In the September 9, 2008 issue of The Wall Street Journal, as awareness of the global financial crisis was widening and deepening, I predicted that of the countless lawsuits filed by real estate buyers hoping to recoup their initial deposits of preconstruction, among those with the highest probability of success were scenarios in which the developer was unable to deliver the project on time.
While there is no sure way to test this forecast, I have a feeling that for the most part, it is proving to be true. Take, for example, a recent opinion from the Eleventh Circuit, the highest federal appeals court with jurisdiction over Florida, which has been instrumental in setting the tone for the latest wave of real estate litigation. On Harvey v. Lake Buena Vista Resort, LLC, 2009 WL 19340 (11th Cir. Jan. 5, 2009), the Eleventh Circuit upheld the lower court’s order to refund deposits paid for the purchase of a condo in Orlando, and found that the developer had breached the contract for purchase by not delivering the unit in a timely manner. In particular, the Eleventh Circuit left the developer zero room to deviate from the promised two-year construction schedule. While the developer obtained a certificate of occupancy only five days after the two-year deadline, the court held that this was too late as a matter of law, despite the defendant testifying that the additional five days were attributable to an outside matter. of your competition. control: the unusually slow processing of a necessary road permit.
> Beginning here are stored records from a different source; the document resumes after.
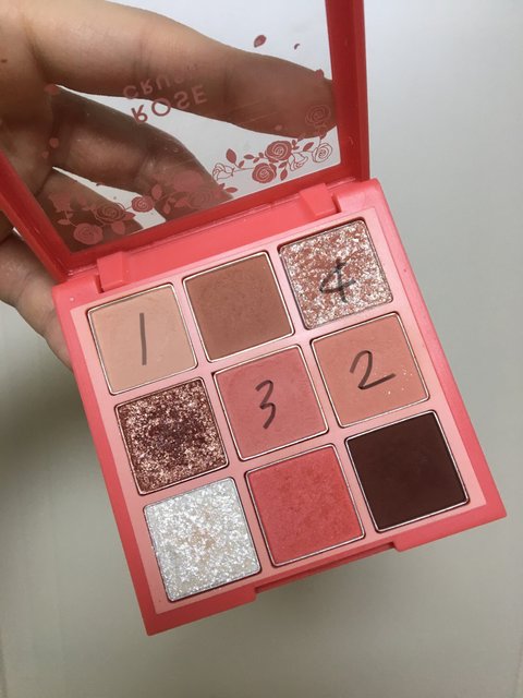 그 다음에 이제 눈화장인데 먼저 1로 가볍게 눈 전체랑 언더 한번 깔고 그 다음에 2로 눈 위에만 한번 더 깔아 그리고 3을 언더랑 애굣살에 발라준 다음에 4로 애굣살이랑 눈 위 가운데에만 브러쉬로 톡톡 얹어주면 돼!! 삼각존은 집에 있는 그냥 붉은기 있는 음영 섀도우로 채워줘
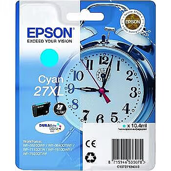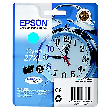 LongSummaryDescription - Epson Alarm clock Singlepack Cyan 27XL DURABrite Ultra Ink. Cartridge capacity: High (XL) Yield, Colour ink page yield: 1100 pages, Colour ink volume: 10.4 ml, Printing colours: Cyan, Quantity per pack: 1 pc(s)
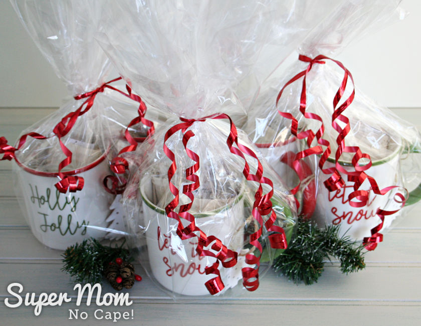 A picture of tea mugs with loose leaf tea in bags inside wrapped in cellophane and tied with decorative ribbon
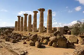 - Este artículo deriva de la traducción de su versión inglesa: Temple of Heracles, Agrigento, y de su versión italiana: Tempio di Eracle (Agrigento).
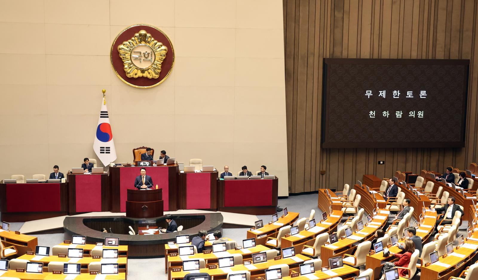 특검법 반대에 공조하기로 한 국민의힘과 개혁신당은 연대 필리버스터(무제한 토론)에 돌입했다. 첫 주자로 나선 개혁신당 천하람 원내대표는 “우리에게 필요한 것은 죽은 권력을 부관참시하는 재탕, 삼탕의 2차 종합 특검이 아니라 현재 살아있는 권력의 부패를 도려내는 통일교 특검과 돈 공천 특검”이라고 말했다.

Tellingly, in reaching its conclusion, the Eleventh Circuit sidestepped another issue where the buyers had prevailed in the lower court, namely whether the developer had violated the disclosure provisions of the Total Land Sales Disclosure Act. Federal Interstates (ILSA) by not complying with both register the condominium with the United States Department of Housing and Urban Development (HUD) and deliver a federal Property Report to the buyers. As I wrote previously, federal courts have been notably reluctant to rule in favor of buyers on claims filed under ILSA, the violations of which are often considered hyper-technical and immaterial in cases where a project is delivered according to promises. declared by the developer.
In contrast, it is easy to see why the courts may have more sympathy for buyers in cases where construction has been unreasonably delayed. The calculation is simple: the longer a building goes unfinished, the longer the buyer’s deposits will have been on an uninhabitable and unlikely project. And every day that the housing market remains mired in a historic recession only serves to exacerbate the disadvantage for the buyer. The recent but surprising series of foreclosure actions by lenders against developers tells a general story of builders with no funds to pay for loans, contractors or subcontractors. This means that the many projects yet to be completed across the country will not meet the completion deadlines set out in the contract, if they are completed, of course.
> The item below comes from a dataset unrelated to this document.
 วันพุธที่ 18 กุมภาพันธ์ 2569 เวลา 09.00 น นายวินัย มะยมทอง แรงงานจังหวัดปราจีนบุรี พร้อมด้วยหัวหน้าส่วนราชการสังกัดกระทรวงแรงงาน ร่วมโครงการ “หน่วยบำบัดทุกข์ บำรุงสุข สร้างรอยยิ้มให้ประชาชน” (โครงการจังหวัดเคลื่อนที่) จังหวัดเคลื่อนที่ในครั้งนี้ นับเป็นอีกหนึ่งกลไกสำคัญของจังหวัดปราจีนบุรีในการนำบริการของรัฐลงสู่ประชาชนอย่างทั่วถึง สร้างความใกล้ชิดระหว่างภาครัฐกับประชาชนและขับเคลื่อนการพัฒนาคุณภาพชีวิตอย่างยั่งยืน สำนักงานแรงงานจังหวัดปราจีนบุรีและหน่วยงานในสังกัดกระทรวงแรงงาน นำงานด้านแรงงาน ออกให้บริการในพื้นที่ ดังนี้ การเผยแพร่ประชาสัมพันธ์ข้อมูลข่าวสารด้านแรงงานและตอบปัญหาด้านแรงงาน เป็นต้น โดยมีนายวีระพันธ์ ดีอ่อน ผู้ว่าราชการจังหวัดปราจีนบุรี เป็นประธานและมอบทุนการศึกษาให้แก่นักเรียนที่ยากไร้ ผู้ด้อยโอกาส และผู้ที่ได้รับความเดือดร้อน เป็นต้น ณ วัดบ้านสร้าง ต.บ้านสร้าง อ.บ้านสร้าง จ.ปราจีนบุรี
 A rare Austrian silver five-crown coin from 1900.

In practice, buyers with potential construction delay claims who have decided that they do not have Job’s patience should assert their legal claims as quickly and decisively as possible. While delay in construction may be a path to successful termination of a purchase contract, generally speaking, the longer one waits for legal action, the greater the chance that the developer can argue that the buyer, for your own delay, you have waived any legal claim.